MIAMI, Florida, agosto, 173.203.82.38 -Desde su aparición en el escenario político cubano, Fidel Castro codició extender la efervescencia revolucionaria en primer lugar a América Latina y luego al resto del mundo. Esa ambición respondía al conocido lema suscrito por Carlos Marx en el Manifiesto Comunista: “Proletarios de todos los países, uníos”. Y simultáneamente se derivaba de una trastornada necesidad: la revolución cubana no podría mantenerse en el poder y extenderse si no era apoyada por otros movimientos revolucionarios. Castro fijaba su atención en aquellos países donde la ideología marxista había alcanzado un relativo nivel de desarrollo y los partidos comunistas lanzaban inflamadas arengas con el propósito de tomar el poder. Aquella idea muy pronto se sintetizó en otro proyecto mucho más amplio: la revolución global.
Hubo un momento en que los acontecimientos se sucedían a tal velocidad que parecieron darle la razón a Fidel Castro.
Aunque resulte paradójico, el país más afectado fue Cuba. Resulta incalculable la cantidad de recursos que Fidel Castro invirtió en su insaciable apetito expansionista. Durante varias décadas la mayor parte de las finanzas cubanas se destinaron a la organización de movimientos guerrilleros y la construcción de campos de entrenamiento.
Pero el testimonio más elocuente del fracaso de Fidel Castro se registra cada día a lo largo del Rio Grande y el resto de la frontera de México con los Estados Unidos.

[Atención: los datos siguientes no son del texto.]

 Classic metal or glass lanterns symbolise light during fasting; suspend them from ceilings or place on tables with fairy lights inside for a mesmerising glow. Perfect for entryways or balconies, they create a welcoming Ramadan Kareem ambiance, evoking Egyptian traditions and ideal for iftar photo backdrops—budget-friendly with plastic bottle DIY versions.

Se estima que miles de latinoamericanos cruzan ilegalmente esa frontera. Dominicanos, haitianos y cubanos se embarcan por millares en precarias embarcaciones buscando acceso al territorio norteamericano, mientras toda Centroamérica se mueve por la frontera de Texas y otros tantos tratan de hacerlo a través de Canadá. Toda esta masiva emigración va detrás de la economía de mercado, del sueño americano y no de la codiciada revolución global. Todas las grandes ciudades estadounidenses están repletas de “hispanos” que, legal o ilegalmente, se las arreglaron para llegar hasta aquí, dejando atrás a los políticos e intelectuales con sus utopías y nostalgias.

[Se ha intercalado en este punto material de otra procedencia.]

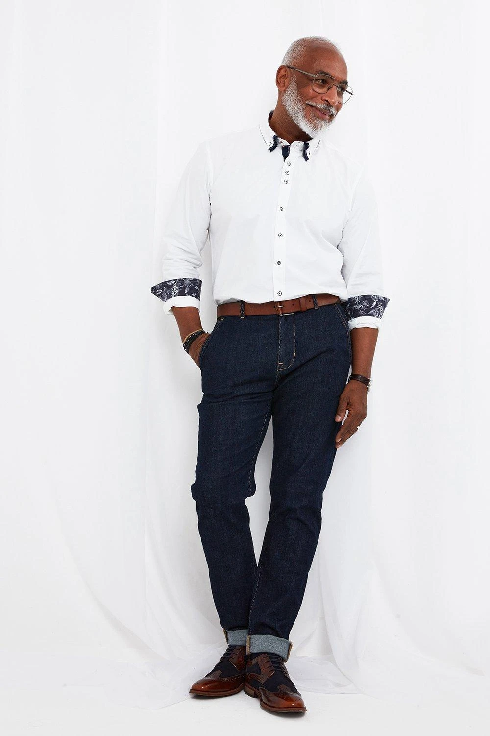 With triple the collars, you get triple the style in this sharp, long-sleeved shirt. The white upper collar is set off perfectly by the printed middle and navy bottom one, creating a shirt unlike any other. For a sophisticated look with a Joe Browns touch, just jazz it up with black jeans and one of our leather jackets.

La sociedad latinoamericana entendió la inutilidad de las guerrillas, los asesinatos políticos, los coches bombas y el trauma de los mutilados y los desaparecidos. Aquel “nuevo orden revolucionario” se vino abajo al margen de los descabellados proyectos castristas que han servido de inspiración a Chavez, Ortega, Morales, Correa.

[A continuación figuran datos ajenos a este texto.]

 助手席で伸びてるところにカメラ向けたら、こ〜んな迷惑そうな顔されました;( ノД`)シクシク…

América Latina ya no responde a aquella obsoleta imagen que con tanta obcecación se fijara en casi todas las mentes durante la década 1960-1970. Esta América Latina de nuevas clases medias vinculadas a los negocios bancarios, de seguros, de tarjetas de crédito, de empresas extranjeras, de publicidad, de prensa y de servicios profesionales reúne a muchos de los tecnócratas y burócratas del sector privado y a buena parte del sector público. Pertenecen a aquella generación que en los 60’s del pasado siglo construían barricadas y se enfrentaban a la policía al grito de “Cuba sí, yanquis no”. Hoy, en sus casas, quieren buenos electrodomésticos y sienten la necesidad de concurrir a restaurantes de exquisito gusto y caros platos y, sobre todo, anhelan delirantemente la posesión de un automóvil de un modelo superior. Ufanarse de la posesión de artículos elaborados en el extranjero, especialmente en los Estados Unidos, marca la diferencia. Tratar de asentarse en los mejores barrios es una meta cuya fijación roza los límites de lo irremediable.
¿Qué ocurrió realmente? ¿Se perdió el espíritu revolucionario? La verdad es que la mayoría de los revolucionarios latinoamericanos, incluso los más cercanos a la tesis castrista, decidieron experimentar la opción electoral – excepto los grupos terroristas que operan en Colombia – considerándola una importante contribución a la victoria del socialismo del siglo XXI. Aquellos que se anclaron en la tesis castrista de la “revolución global” hoy solo aspiran a un minúsculo espacio en la sociedad y, si acaso, a un asiento en el parlamento.